Bursa Efek Indonesia BEI adalah salah satu bursa saham yang dapat memberikan peluang investasi dan sumber pembiayaan dalam upaya mendukung pembangunan ekonomi nasional. Bursa Efek Indonesia juga berperan dalam upaya mengembangkan pemodal lokal yang besar dan solid untuk menciptakan pasar modal Indonesia yang stabil.
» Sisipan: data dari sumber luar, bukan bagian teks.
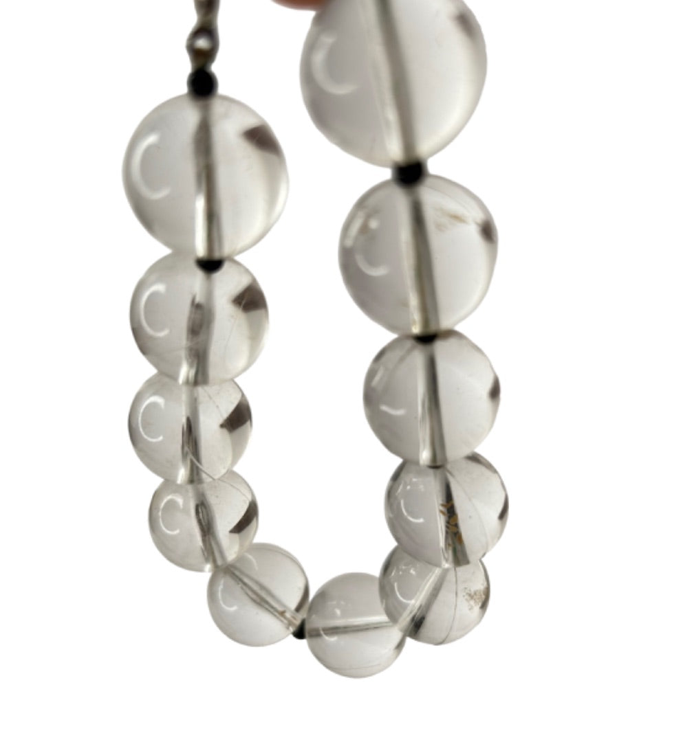 Vintage Clear Acrylic Beaded Statement Bracelet Black Spacers Retro 8.5"

Bursa Efek Indonesia BEI, atau Indonesia Stock Exchange IDX merupakan bursa hasil penggabungan dari Bursa Efek Jakarta BEJ dengan Bursa Efek Surabaya BES. Demi efektivitas operasional dan transaksi, Pemerintah memutuskan untuk menggabung Bursa Efek Jakarta sebagai pasar saham dengan Bursa Efek Surabaya sebagai pasar obligasi dan derivatif. Bursa hasil penggabungan ini mulai beroperasi pada 1 Desember 2007. Sejarah Bursa Efek, pasar modal telah hadir jauh sebelum Indonesia Merdeka. Bursa efek Indonesia awalnya pada saat pemerintahaan Hindia Belanda mendirikan di Batavia pada tanggal 14 Desember 1912 yang di selenggarakan oleh Vereniging Voor de Effectenhandel. Pada tanggal 11 Januari 1925 di Buka Bursa Efek di 80 Surabaya, dan disusul dengan pembukaan Bursa Efek di Semarang pada tanggal 1 Agustus 1925. Pada tahun 1952, pemeritah membuka bursa efek di Jakarta, yang diharapkan dapat menjadi indikator penunjang perekonomian. Namun, karena inflasi dan resesi ekonomi yang berlangsung di Indonesia pada waktu itu, maka pada tahun 1958 kegiatan bursa efek dihentikan Rodoni, 2005:109.